The announcement had all 13 Ford Cup drivers in attendance. Stewart-Haas Racing co-owner Tony Stewart drove a version of the Mustang onto a stage at the announcement.

The Mustang makes the move to the Cup Series after being raced full-time in the Xfinity Series since 2011. It joins Chevrolet’s Camaro, which debuted this season, and the Toyota Camry.

The Mustang – which debuted in 1964 – is the longest running model for Ford. The 10 millionth Mustang rolled off the production line on Wednesday.

“Mustang has raced since it was first sold in 1964,” said Hau Thai-Tang, Ford’s executive vice president of product development and purchasing, in a press release. “After more than a half-century, it feels great to finally let Mustang run in the top echelon of America’s most popular stock car racing series.”

The Mustang first competed in 1964, when it won the Tour de France Automobile, a 4,000 mile, 10-day rally.
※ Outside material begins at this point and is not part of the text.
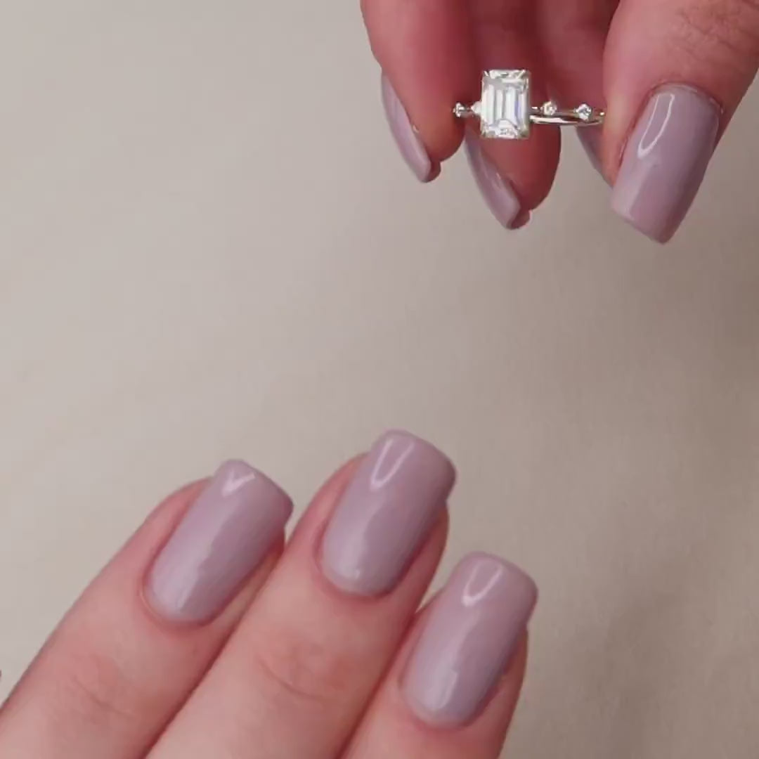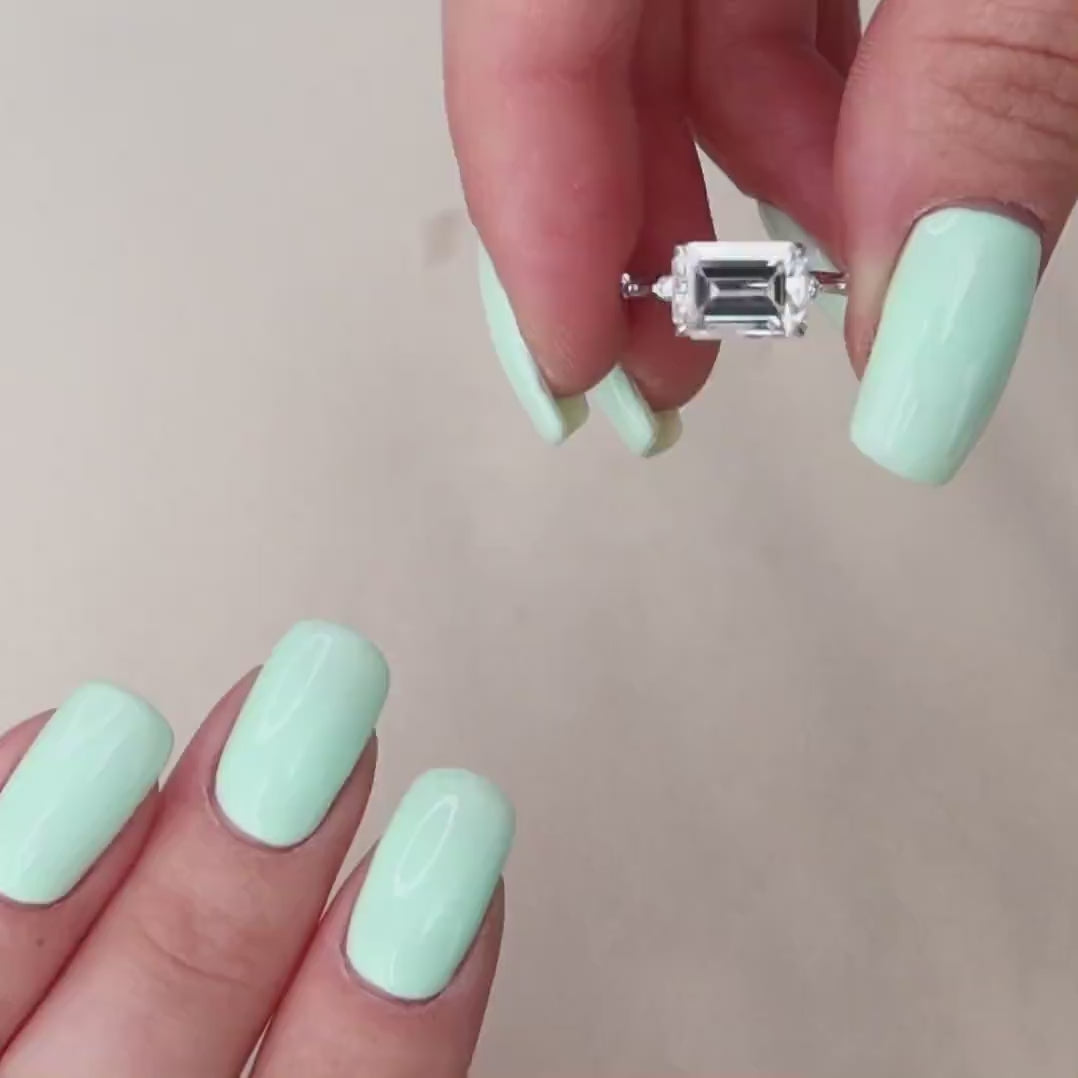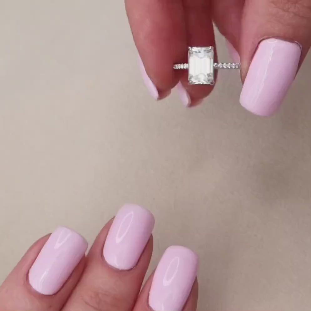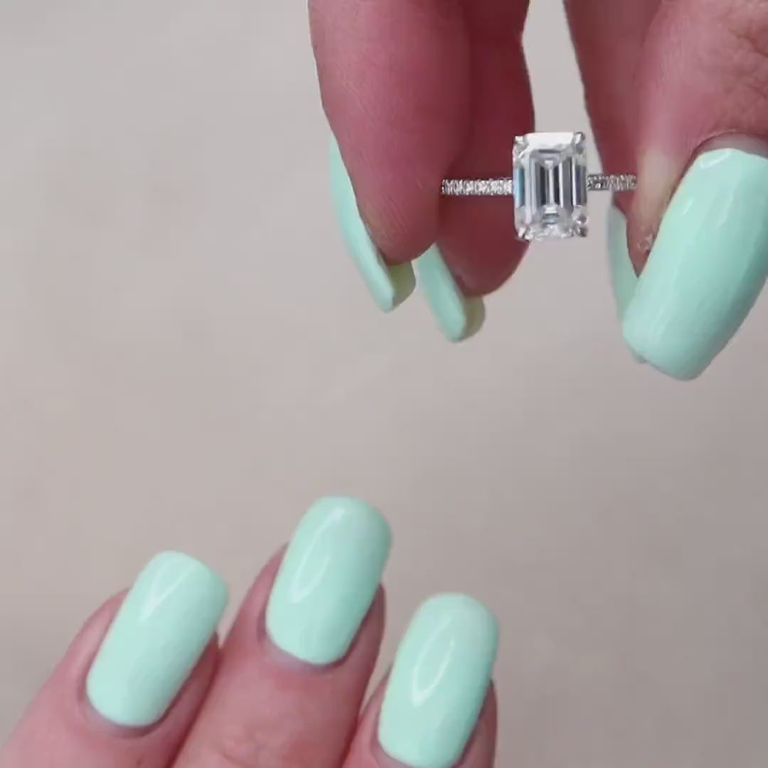3.0 CT Emerald Cut Dainty Pave Moissanite Engagement Ring

It has also raced in SCCA Trans-Am, IMSA, NHRA and Formula Drift.

“We look forward to seeing the Ford Mustang, a cultural icon, on the track in the most competitive series in all of motorsports,” said Steve O’Donnell, NASCAR’s executive vice president and chief racing development officer, in a press release. “Our sport eagerly anticipates the performance, style and fanfare the Mustang will bring to the track each weekend beginning at the 2019 Daytona 500.”